#### Aim of the task
Could you repeat the records below exactly, leaving out any pictures?

(Beginning of Information provided)

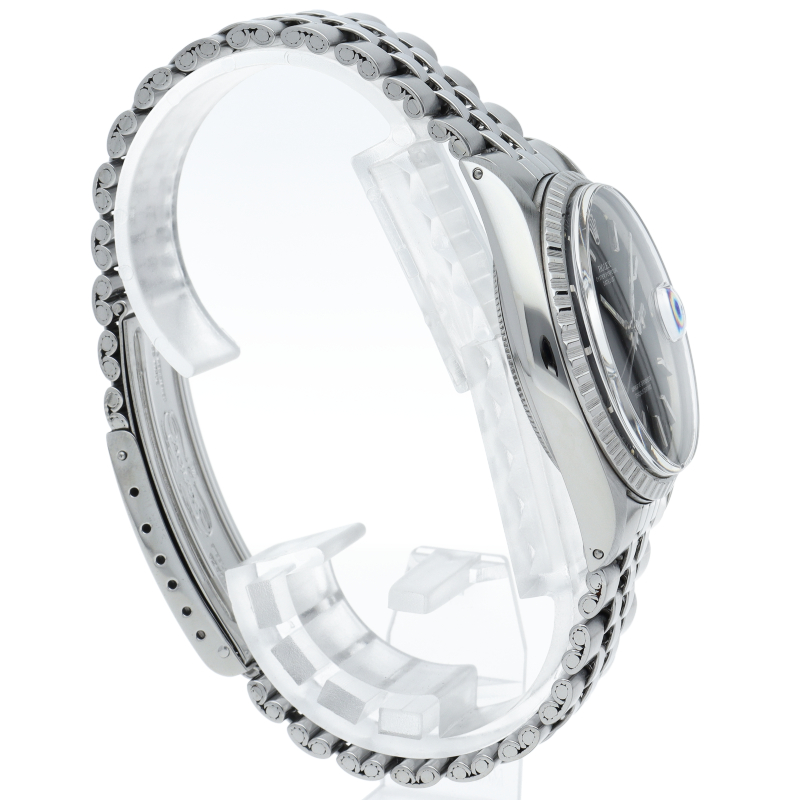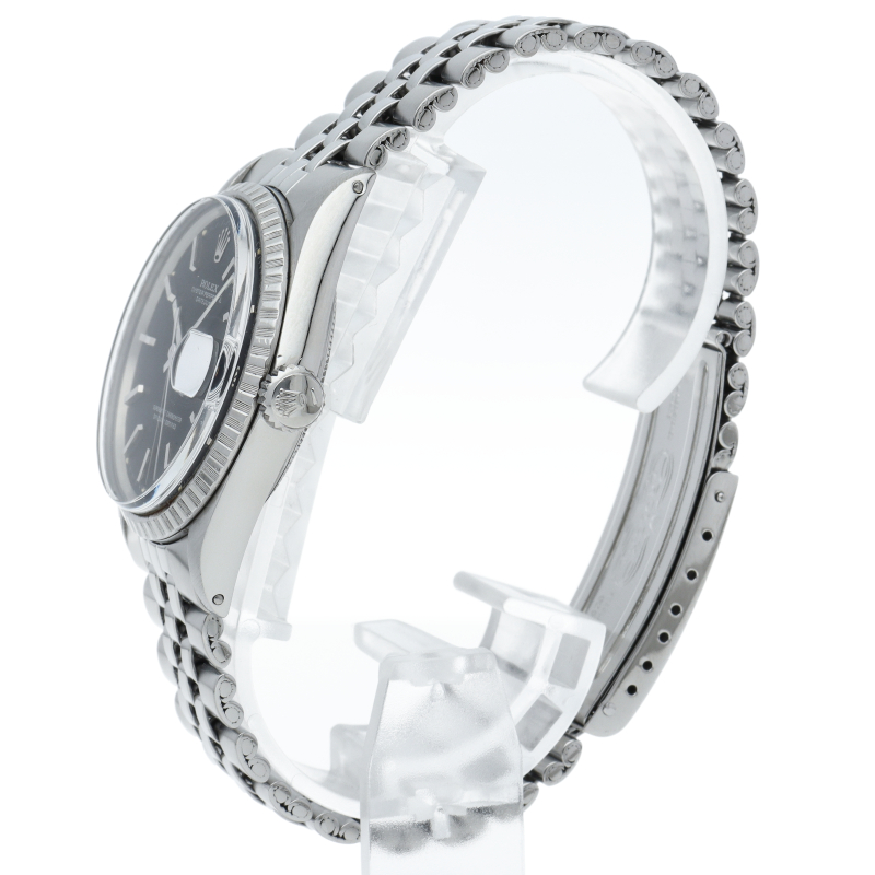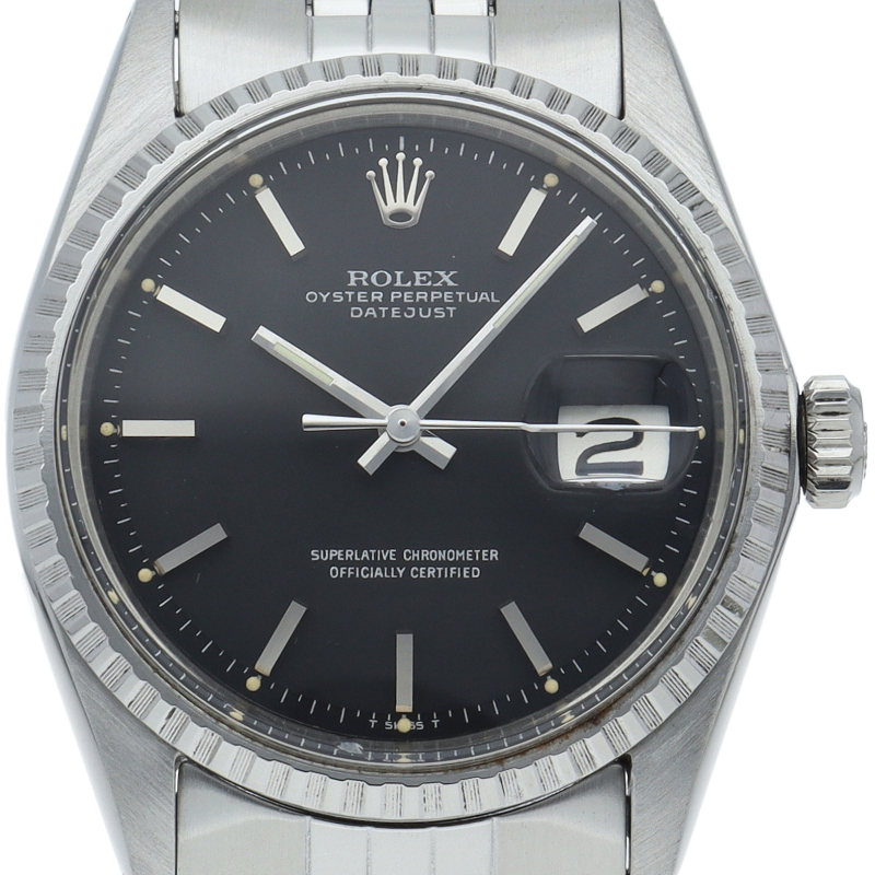 ロレックスのドレスウォッチの王道「デイトジャスト」。エンジンターンドベゼルのアンティーク感が逆に新鮮な1本。
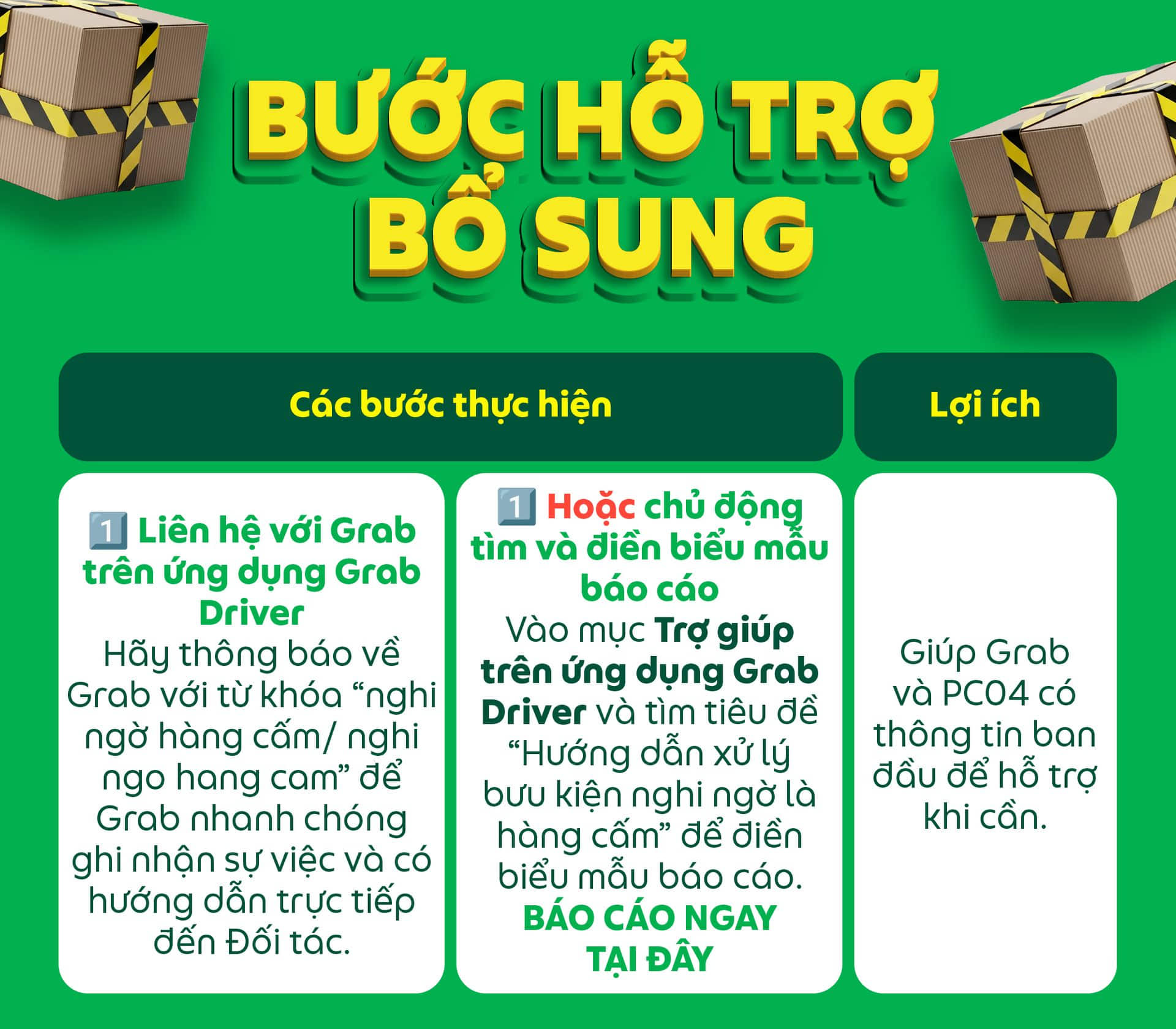 An toàn của Đối tác luôn là ưu tiên hàng đầu của Grab. Chúng tôi hiểu rằng khi phát hiện/ nghi ngờ bưu kiện có dấu hiệu bất thường, Đối tác có thể cảm thấy lo lắng hoặc áp lực trong quá trình trình báo.
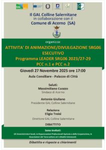 Il GAL Colline Salernitane in collaborazione con il Comune di Acerno organizza: ATTIVITA' DI ANIMAZIONE/DIVULGAZIONE SRG06 ESECUTIVO Programma LEADER SRG06 2023/27-29 PCC n 1 e PCC n 2.
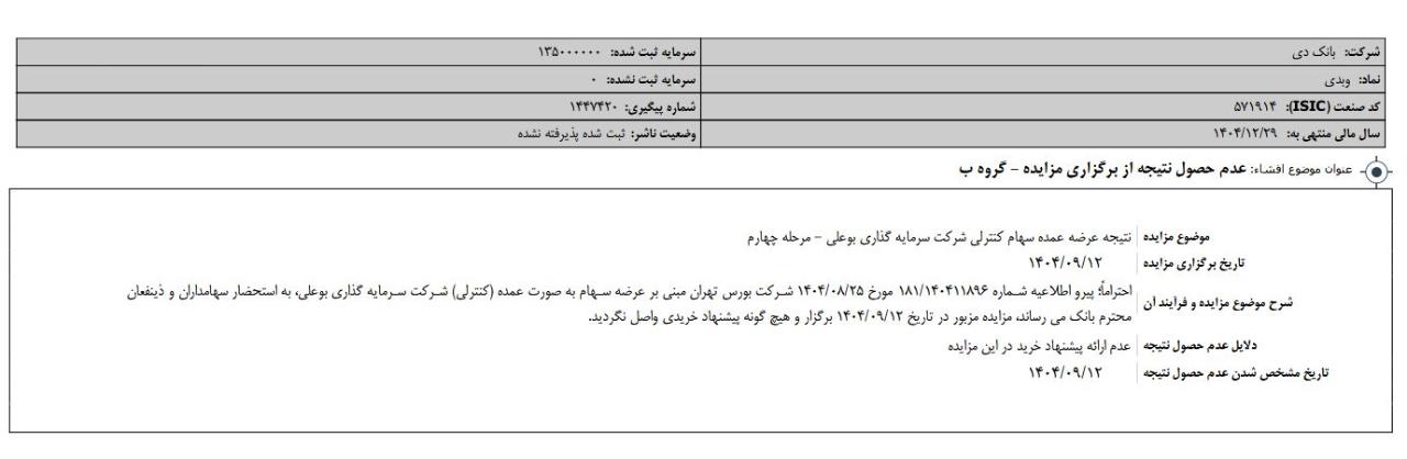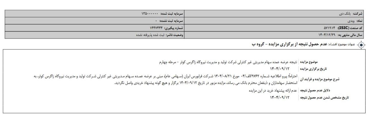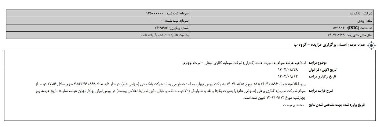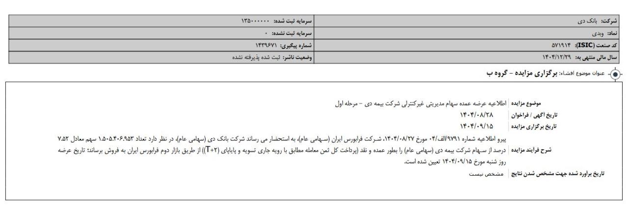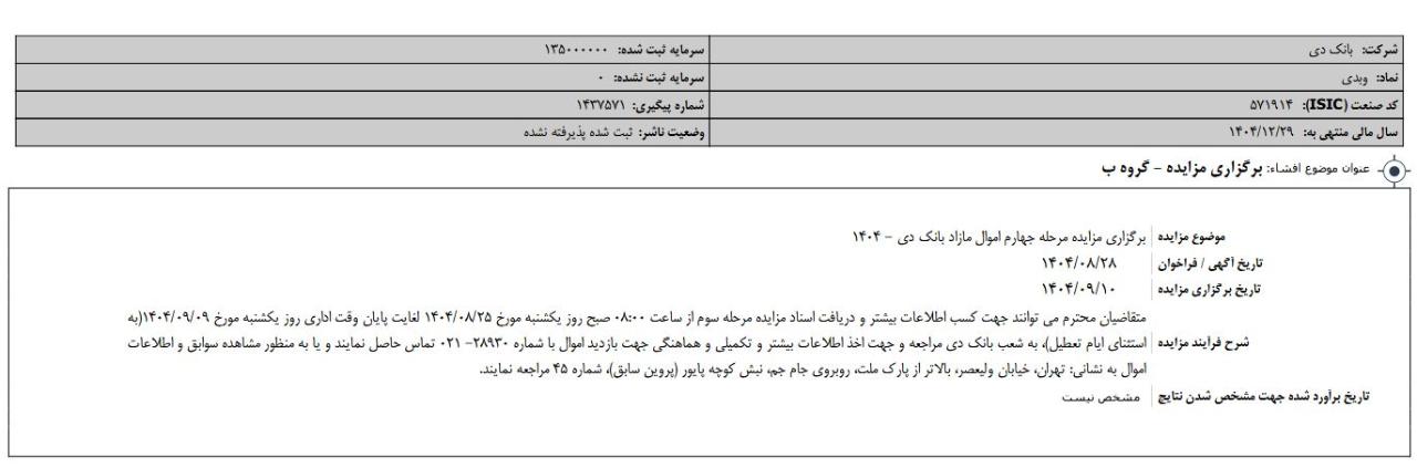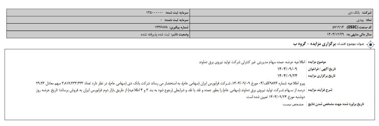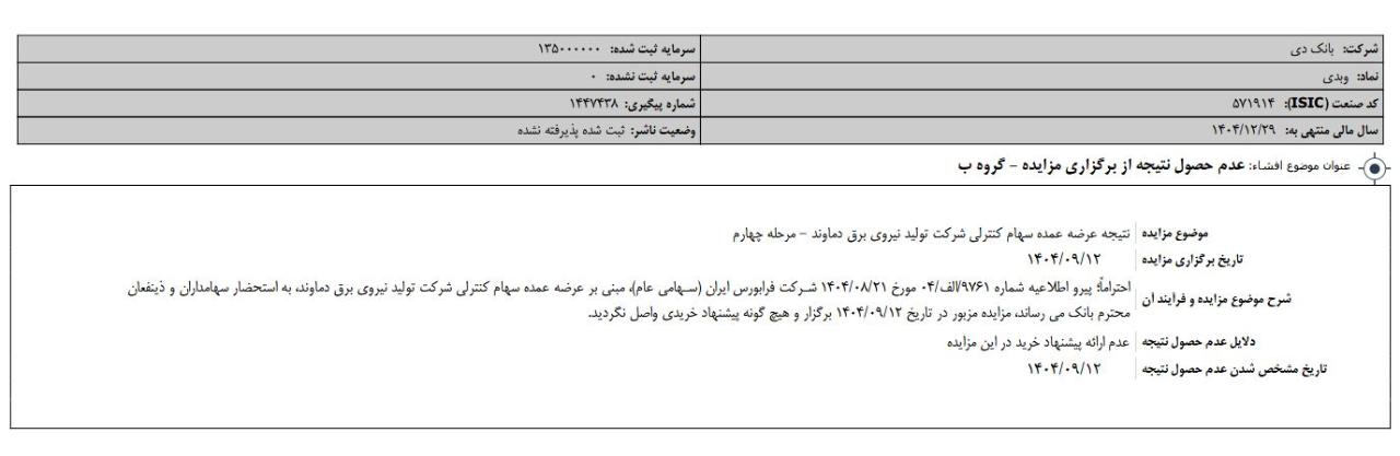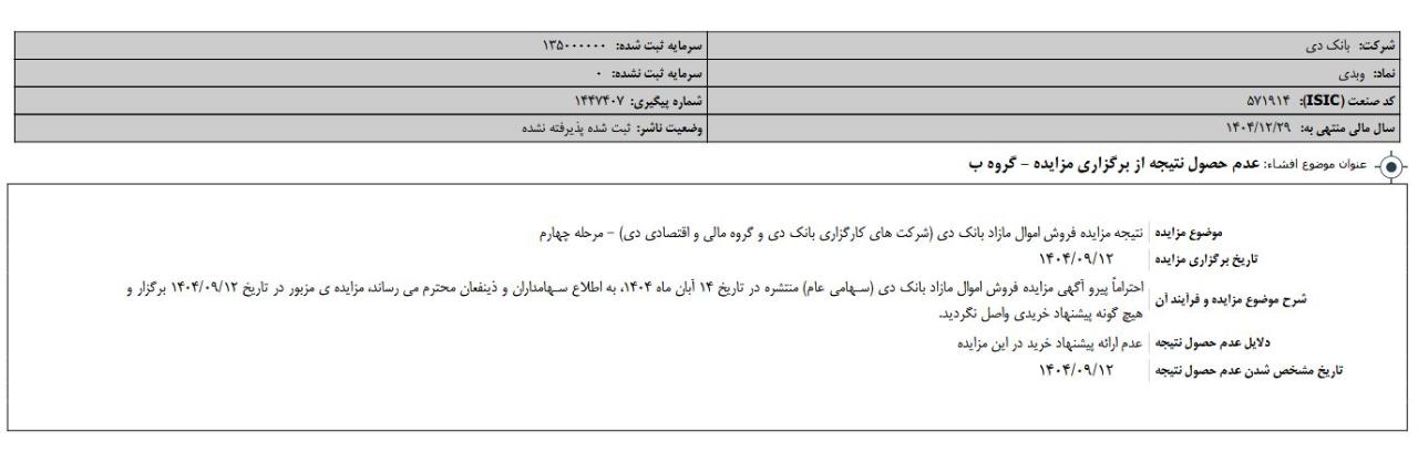 افشای اطلاعات بااهمیت،نتیجه مزایده مرحله سوم اموال مازاد بانک دی- گروه ب
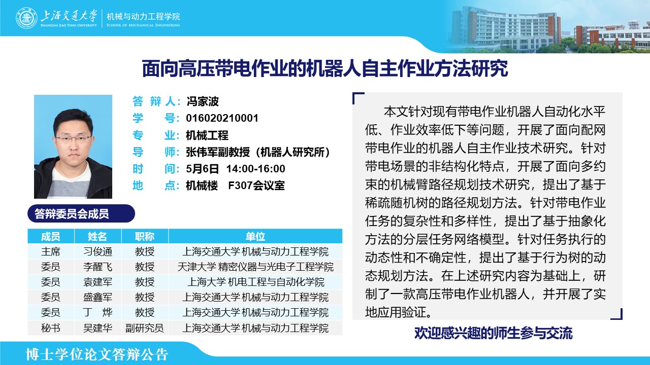 答辩人:冯家波 | 导师:张伟军 | 时间:5月6日 14:00 – 16:00 | 地点:机械楼 F307会议室
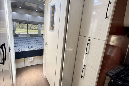 The central living area includes an ultra-comfortable dinette and a plush lounge that easily converts into additional sleeping space, perfect for guests or kids. The full galley kitchen is equipped with a gas stove, oven, microwave, large sink, refrigerator, and plenty of counter space—making it easy to prepare meals on the go. Overhead storage and sleek cabinetry provide space for everything you need for extended travel.
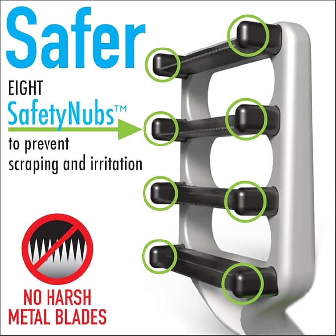 - Safer: Eight SafetyNubs prevent scraping and damage to your pet’s skin. Unlike other dog deShedding tools that use harsh metal blades, FUR4 uses an advanced composite carbon fiber for a safer deShedding experience.
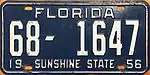 1956 | Embossed white serial on blue plate with border line; "FLORIDA" centered at top; "19" at bottom left and "56" at bottom right | "SUNSHINE STATE" centered at bottom | 1T-1234 10T-123 1D-1234 10D-1234 1-123456 10-12345 1W123456 10W12345 1WW-1234 10WW1234 |

(End of Information provided)

#### Result of the task
 ロレックスのドレスウォッチの王道「デイトジャスト」。エンジンターンドベゼルのアンティーク感が逆に新鮮な1本。
 An toàn của Đối tác luôn là ưu tiên hàng đầu của Grab. Chúng tôi hiểu rằng khi phát hiện/ nghi ngờ bưu kiện có dấu hiệu bất thường, Đối tác có thể cảm thấy lo lắng hoặc áp lực trong quá trình trình báo.
 Il GAL Colline Salernitane in collaborazione con il Comune di Acerno organizza: ATTIVITA' DI ANIMAZIONE/DIVULGAZIONE SRG06 ESECUTIVO Programma LEADER SRG06 2023/27-29 PCC n 1 e PCC n 2.
 افشای اطلاعات بااهمیت،نتیجه مزایده مرحله سوم اموال مازاد بانک دی- گروه ب
 答辩人:冯家波 | 导师:张伟军 | 时间:5月6日 14:00 – 16:00 | 地点:机械楼 F307会议室
 The central living area includes an ultra-comfortable dinette and a plush lounge that easily converts into additional sleeping space, perfect for guests or kids. The full galley kitchen is equipped with a gas stove, oven, microwave, large sink, refrigerator, and plenty of counter space—making it easy to prepare meals on the go. Overhead storage and sleek cabinetry provide space for everything you need for extended travel.
 - Safer: Eight SafetyNubs prevent scraping and damage to your pet’s skin. Unlike other dog deShedding tools that use harsh metal blades, FUR4 uses an advanced composite carbon fiber for a safer deShedding experience.
 1956 | Embossed white serial on blue plate with border line; "FLORIDA" centered at top; "19" at bottom left and "56" at bottom right | "SUNSHINE STATE" centered at bottom | 1T-1234 10T-123 1D-1234 10D-1234 1-123456 10-12345 1W123456 10W12345 1WW-1234 10WW1234 |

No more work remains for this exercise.